>>>>

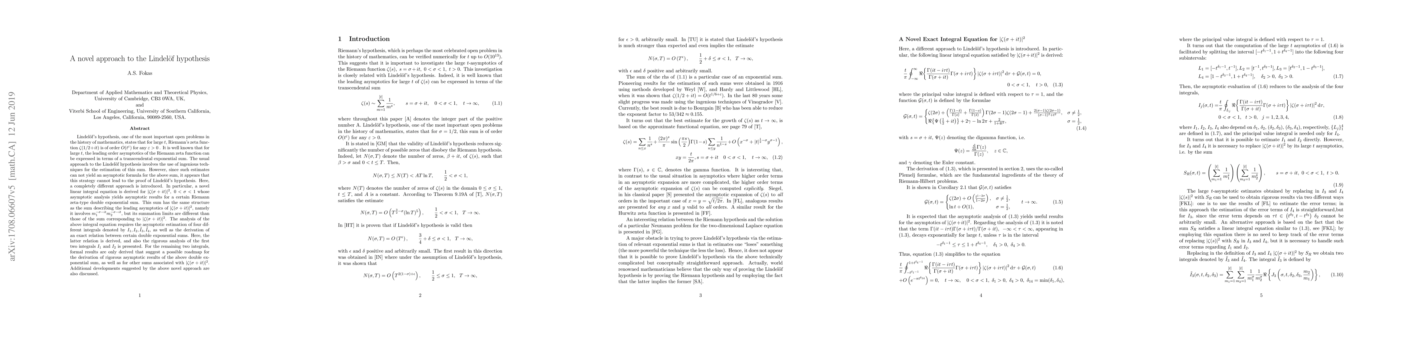 Lindel{\"o}f's hypothesis, one of the most important open problems in the history of mathematics, states that for large $t$, Riemann's zeta function $\zeta(1/2+it)$ is of order $O(t^{\varepsilon})$ for any $\varepsilon>0$ . It is well known that for large $t$, the leading order asymptotics of the Riemann zeta function can be expressed in terms of a transcendental exponential sum. The usual approach to the Lindel\"of hypothesis involves the use of ingenious techniques for the estimation of this sum. However, since such estimates can not yield an asymptotic formula for the above sum, it appears that this strategy cannot lead to the proof of Lindel\"of's hypothesis. Here, a completely different approach is introduced. In particular, a novel linear integral equation is derived for $|\zeta(\sigma+it)|^2, \ 0<\sigma<1$ whose asymptotic analysis yields asymptotic results for a certain Riemann zeta-type double exponential sum. This sum has the same structure as the sum describing the leading asymptotics of $|\zeta(\sigma+it)|^2$, namely it involves $m_1^{-\sigma-it}m_2^{-\sigma-it}$, but its summation limits are different than those of the sum corresponding to $|\zeta(\sigma+it)|^2$. The analysis of the above integral equation requires the asymptotic estimation of four different integrals denoted by $I_1,I_2,\tilde{I}_3,\tilde{I}_4$, as well as the derivation of an exact relation between certain double exponential sums. Here, the latter relation is derived, and also the rigorous analysis of the first two integrals $I_1$ and $I_2$ is presented. For the remaining two integrals, formal results are only derived that suggest a possible roadmap for the derivation of rigorous asymptotic results of the above double exponential sum, as well as for other sums associated with $|\zeta(\sigma+it)|^2$. Additional developments suggested by the above novel approach are also discussed.
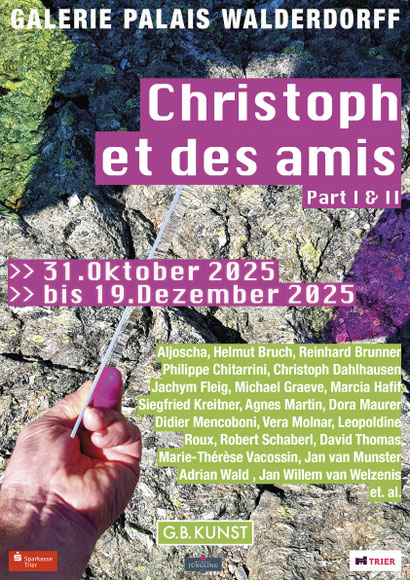 Der international agierende Künstler und Kurator Christoph Dahlhausen zeigt in dieser Doppelausstellung Werke von KollegInnen, mit denen er entweder seit langem befreundet ist, war oder gerne befreundet gewesen wäre. In mehrfacher Hinsicht sind die Werke und künstlerischen Positionen Wegbegleiter. Die gezeigten Werke von über 15 KünstlerInnen aus 8 Ländern sind sowohl Unikate als auch Auflagenwerke (Editionen und Multiples). Der erste Part der Ausstellungen „Christoph et des amis“ fokussiert auf Malerei und Materialität. Der folgende, zweite Part thematisiert Licht und Reflexion auf unterschiedliche Weise.
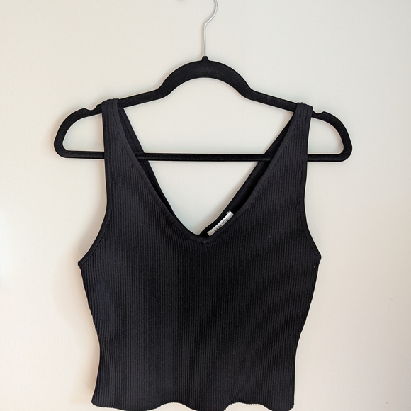 Sleek black ribbed tank top by Babaton. Features a flattering V-neck design. Ideal for layering or wearing alone.
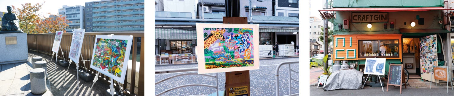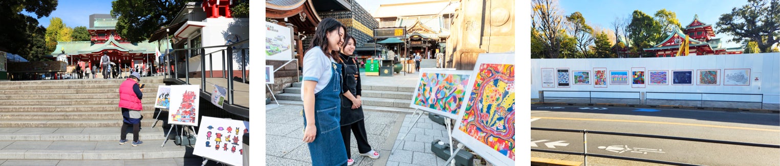 富岡八幡宮や深川不動堂など歴史ある場所を中心に、老舗商店の軒先などに作品を展示。まちの記憶とアートが響き合う空間が広がります。
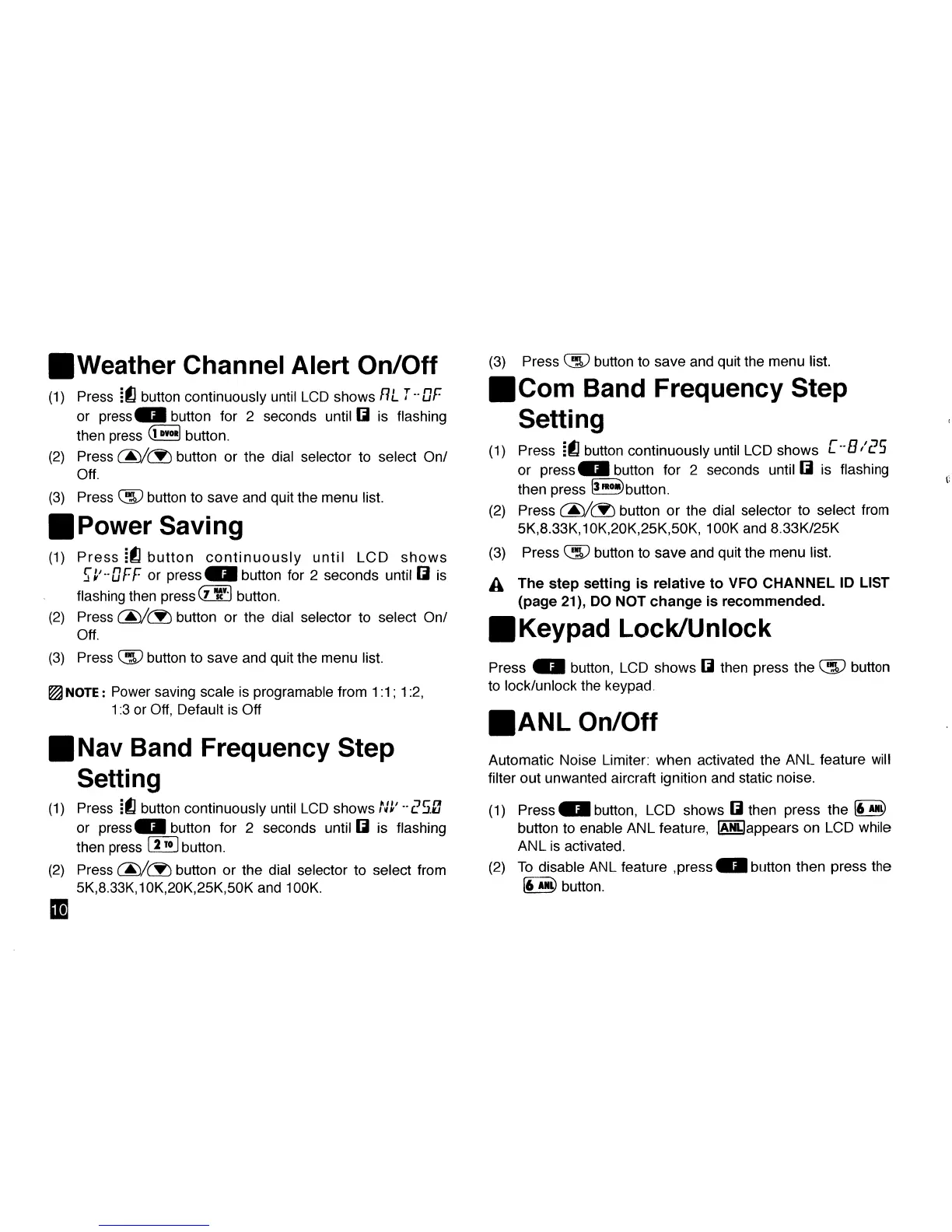 (2) To disable ANL feature .press •• button then press the
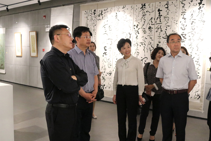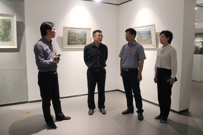 美术展览馆归bv1946伟德官网所有,馆内存放着在校师生的作品,包括创意设计作品、书法作品、绘画作品等等。曲景太等一行人此次所参观的展览馆里主要是教师的书法、绘画作品展。作品分门别类,风格殊异,精彩纷呈,翰墨流香,抒发了浓浓的故土情怀,具有较高的艺术水准,展示了公司书法、绘画教师的艺术风采。曲景太书记一行人赞叹不已。
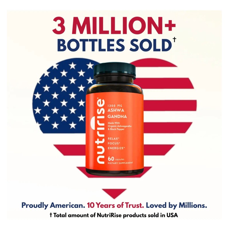 🌱 NutriRise Ashwagandha Orgánica 1300 mg – Cápsulas Veganas | Suplemento Natural para Estrés, Energía, Sueño y Enfoque Mental 🛡️🌙🧠
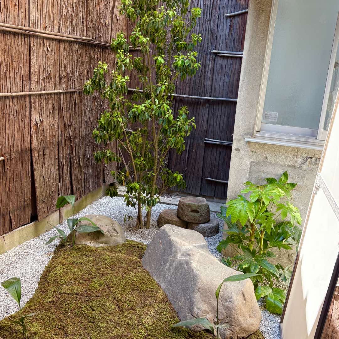 屋外の中庭には、生木と苔をあしらい、和を感じられる本格的な坪庭をデザインいたしました。

<<<<

**TASK STATEMENT**. From top to bottom, restate the records above exactly and omit every picture.

**SOLUTION BELOW**.
 Lindel{\"o}f's hypothesis, one of the most important open problems in the history of mathematics, states that for large $t$, Riemann's zeta function $\zeta(1/2+it)$ is of order $O(t^{\varepsilon})$ for any $\varepsilon>0$ . It is well known that for large $t$, the leading order asymptotics of the Riemann zeta function can be expressed in terms of a transcendental exponential sum. The usual approach to the Lindel\"of hypothesis involves the use of ingenious techniques for the estimation of this sum. However, since such estimates can not yield an asymptotic formula for the above sum, it appears that this strategy cannot lead to the proof of Lindel\"of's hypothesis. Here, a completely different approach is introduced. In particular, a novel linear integral equation is derived for $|\zeta(\sigma+it)|^2, \ 0<\sigma<1$ whose asymptotic analysis yields asymptotic results for a certain Riemann zeta-type double exponential sum. This sum has the same structure as the sum describing the leading asymptotics of $|\zeta(\sigma+it)|^2$, namely it involves $m_1^{-\sigma-it}m_2^{-\sigma-it}$, but its summation limits are different than those of the sum corresponding to $|\zeta(\sigma+it)|^2$. The analysis of the above integral equation requires the asymptotic estimation of four different integrals denoted by $I_1,I_2,\tilde{I}_3,\tilde{I}_4$, as well as the derivation of an exact relation between certain double exponential sums. Here, the latter relation is derived, and also the rigorous analysis of the first two integrals $I_1$ and $I_2$ is presented. For the remaining two integrals, formal results are only derived that suggest a possible roadmap for the derivation of rigorous asymptotic results of the above double exponential sum, as well as for other sums associated with $|\zeta(\sigma+it)|^2$. Additional developments suggested by the above novel approach are also discussed.
 Der international agierende Künstler und Kurator Christoph Dahlhausen zeigt in dieser Doppelausstellung Werke von KollegInnen, mit denen er entweder seit langem befreundet ist, war oder gerne befreundet gewesen wäre. In mehrfacher Hinsicht sind die Werke und künstlerischen Positionen Wegbegleiter. Die gezeigten Werke von über 15 KünstlerInnen aus 8 Ländern sind sowohl Unikate als auch Auflagenwerke (Editionen und Multiples). Der erste Part der Ausstellungen „Christoph et des amis“ fokussiert auf Malerei und Materialität. Der folgende, zweite Part thematisiert Licht und Reflexion auf unterschiedliche Weise.
 Sleek black ribbed tank top by Babaton. Features a flattering V-neck design. Ideal for layering or wearing alone.
 富岡八幡宮や深川不動堂など歴史ある場所を中心に、老舗商店の軒先などに作品を展示。まちの記憶とアートが響き合う空間が広がります。
 (2) To disable ANL feature .press •• button then press the
 美术展览馆归bv1946伟德官网所有,馆内存放着在校师生的作品,包括创意设计作品、书法作品、绘画作品等等。曲景太等一行人此次所参观的展览馆里主要是教师的书法、绘画作品展。作品分门别类,风格殊异,精彩纷呈,翰墨流香,抒发了浓浓的故土情怀,具有较高的艺术水准,展示了公司书法、绘画教师的艺术风采。曲景太书记一行人赞叹不已。
 🌱 NutriRise Ashwagandha Orgánica 1300 mg – Cápsulas Veganas | Suplemento Natural para Estrés, Energía, Sueño y Enfoque Mental 🛡️🌙🧠
 屋外の中庭には、生木と苔をあしらい、和を感じられる本格的な坪庭をデザインいたしました。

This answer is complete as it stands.